Per questo Pitt ha sottolineato che resta ancora molto lavoro dietro le quinte.

Il ruolo dell’ambasciatore presso la Santa Sede

Keith Pitt, ex ministro federale e già deputato del National Party per Hinkler, nel Queensland, è stato nominato ambasciatore presso la Santa Sede nel febbraio 2025.

Il suo insediamento fu condizionato dalla malattia e successivamente dalla morte di Papa Francesco.

Pitt ha poi presentato le proprie credenziali a Papa Leone XIV nel giugno 2025.

Intervenendo al seminario romano, l’ambasciatore ha anche sottolineato come il ruolo della Chiesa cattolica vada oltre la dimensione strettamente religiosa, richiamandone la presenza nel sociale, nell’educazione, nell’assistenza e nelle relazioni internazionali.

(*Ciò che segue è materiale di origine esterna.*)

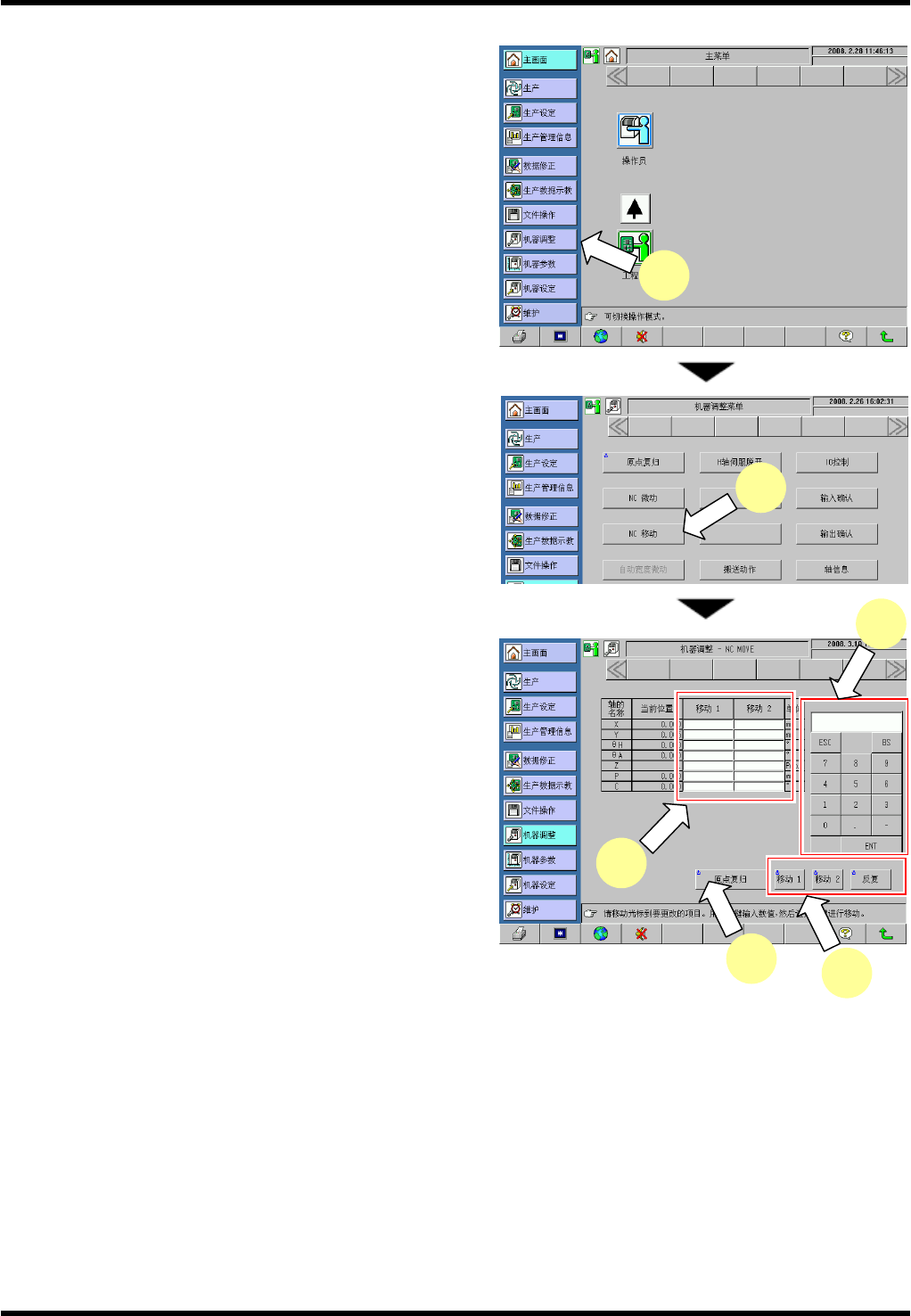 RL131 维修手册 9.1 移动检查 DA8MCC-71-010-A 0 9.1-5 9.1.3 NC 轴移动 3. 1. 按下主菜单的 [ 机 器调整 ] 按钮。 显示 “ 机器调整菜单 ” 画面。 2. 按下 [NC 移动 ] 。 显示 “ 机器调整 - NC MOVE” 画面。 3. 按下要移动的轴 名称的 [ 移动 1] 、 [ 移动 2] 。 4. 输入移动坐标。 5. 按下 <ENABLING ( 启动 )&…

Il confronto con i giornalisti internazionali

Pitt è intervenuto davanti a circa 30 giornalisti provenienti da 18 Paesi, riuniti per il seminario “Church Up Close – Covering Catholicism in the Age of Leo XIV”, organizzato presso la Pontificia Università della Santa Croce.

L’incontro ha offerto l’occasione per fare il punto sui rapporti tra Australia e Santa Sede e, soprattutto, sulla possibilità della visita papale del 2028.

Ora serve la conferma ufficiale

Il passaggio decisivo sarà naturalmente la conferma da parte del Vaticano.

L’invito esiste, i preparativi diplomatici sono in corso e Sydney dispone già di una forte esperienza nell’organizzazione di grandi eventi cattolici.

Ma il calendario definitivo e l’eventuale programma della visita restano da stabilire.

Se Papa Leone XIV accetterà l’invito, Sydney tornerebbe ad accogliere un Pontefice vent’anni dopo Benedetto XVI e lo farebbe in occasione di un Congresso Eucaristico che, nel 2028, celebrerà anche il centenario della storica edizione del 1928.